Hello i currently installed one of my favourite old games ''The Movies'' however i am unable to play it due to an error.

Micrisift Visual C++ Runtime Library​ Runtime Error!
Program D:\Games\TheMovies\MoviesSE.exe
This aplication requested the Runtime to terminate it an unusual way 
Pleas contact the application's support team for more information.


I have tried many things like reinstalling the game downloading all Microsoft Visual C++ Redistributanle pacages. Something to do with command windows the exact command was ''set IncreaseUserVA 2800'' how ever nothing helped me.

So if there is anyone that can help me pleas do so i have went through so many forums and websites but not one resolved my problem.


----------



## greenbrucelee (Apr 24, 2007)

The game is not supported by windows 7 or 8 you could try running it in compatability mode for xp.


----------



## choko (Sep 8, 2014)

Hi yes i did try it.

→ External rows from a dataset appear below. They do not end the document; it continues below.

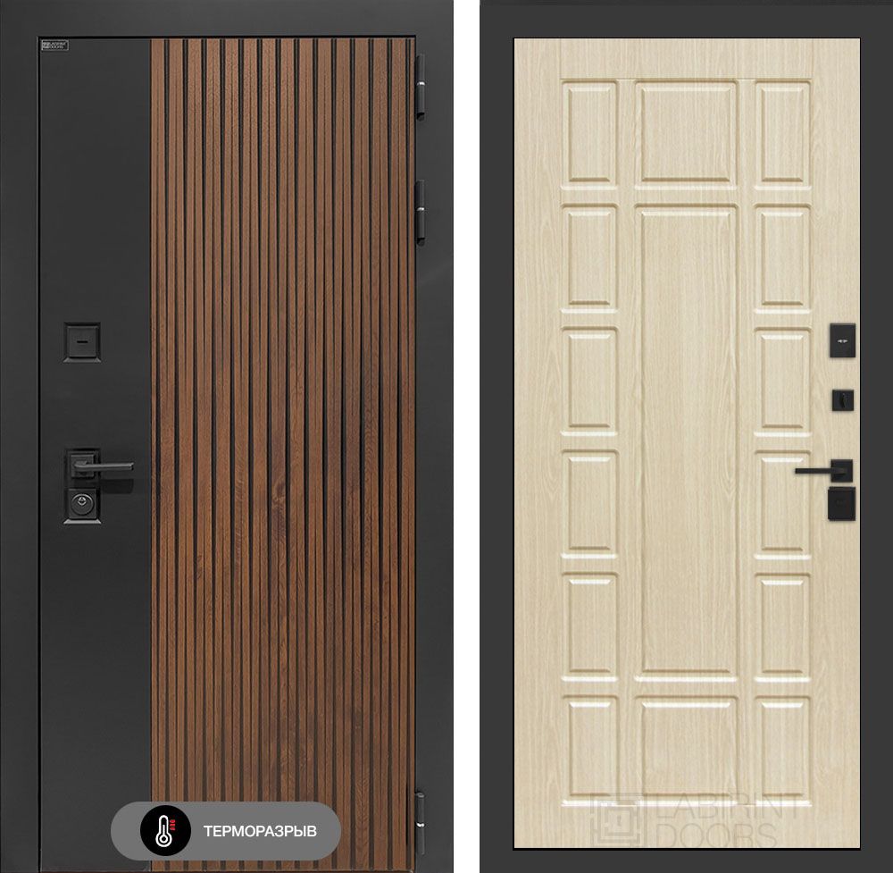Входная дверь с терморазрывом Лабиринт Айслаб 12 – Беленый дуб . Наличник имеет увеличенные габариты, составляя 100 мм, что обеспечивает повышенную устойчивость к механическим воздействиям. Металлические компоненты изделия подвергаются антикоррозийной обработке методом фосфатирования, что значительно продлевает срок службы изделия в условиях повышенной влажности и агрессивной среды. Финишное покрытие, выполненное в технологии "Муар" черного цвета, придает изделию эстетически привлекательный внешний вид и дополнительную защиту от внешних факторов.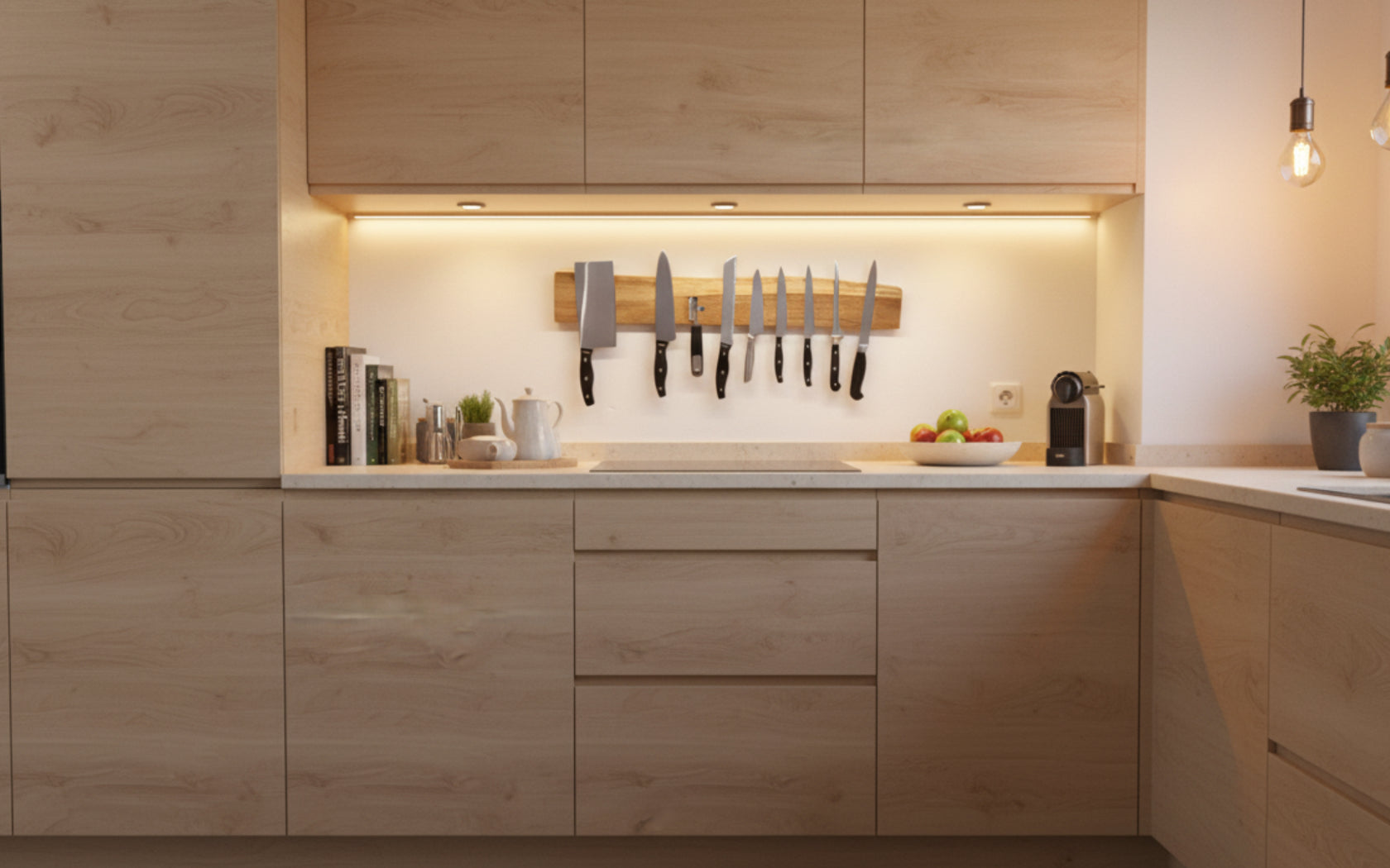 Unsere magnetische Messerleiste vereint natürliche Eleganz mit handwerklicher Präzision.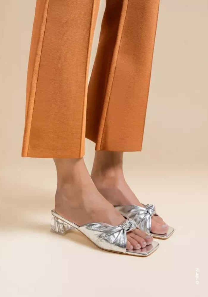 If the wedding invites you to a summer setting , outdoors, and you have opted for an outfit with light fabrics such as linen or muslin , the jewelry can contrast with this lightness . Aurélie Bidermann creations, with their colors reminiscent of summer and spring, will harmonize perfectly with the environment in which the wedding takes place. Silver sandals Mi/Mai , will be perfect to complete your guest outfit.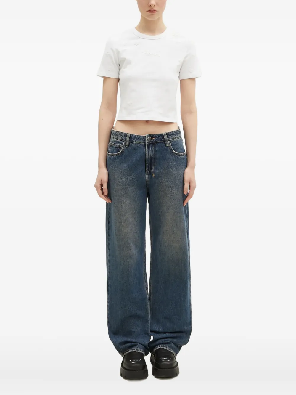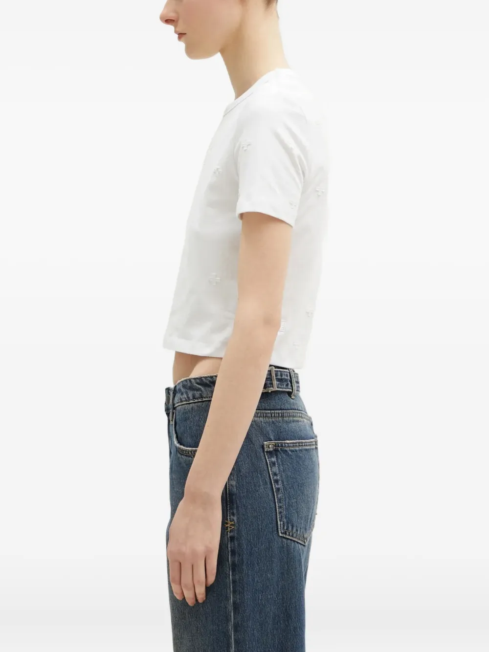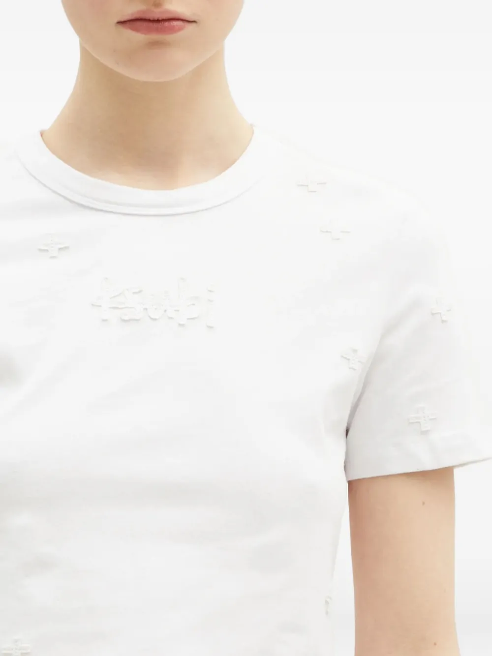 Белый с короткими рукавами, круглым вырезом, вышитой деталью

The same problem occured the characters did not load (they were all black) and the game stoped working howerver the error message did not pop out. And just like in the error case i had to use task manager to shut the game down.


----------



## greenbrucelee (Apr 24, 2007)

please read this, there are some tips on there to get the game to work in windows 8 I cant play the movies game from lionhead studios on windows 8 - Microsoft Community


----------



## choko (Sep 8, 2014)

its a different problem. i was able to install the game run it but after some time playing it it stops working. when i do run the game in windows xp compability mode error window is not coming out but i stops working in the same way as if the error window was poping out. I hear one blip game frezzes. when i get my task manager window the game screen goes white. then i have to end the task.


----------



## greenbrucelee (Apr 24, 2007)

please post your systems specs or model number of your computer?


----------



## choko (Sep 8, 2014)

Samsung Series 7 All-in-one PC 700A3D


----------



## greenbrucelee (Apr 24, 2007)

are all your windows updates installed? your system should do it if you do the same as what are in the links.


----------



## choko (Sep 8, 2014)

Hi yes i believe so eveyting updates its self on this PC.


----------



## CGDSaTx (Dec 3, 2014)

I fixed this issue by going to the properties for MoviesSE.exe going to security then advanced and adding my user account under AUDITING with full control and made sure i had ownership and full control on other tabs. I also ran "4gb_patch" from NTCORE , google it . its a small program that allows more then 2gigs of memory for 32 bit programs or something or other , again google it.

After doing those 2 things I haven't crashed (runtime error) since.

Hope it helps.


----------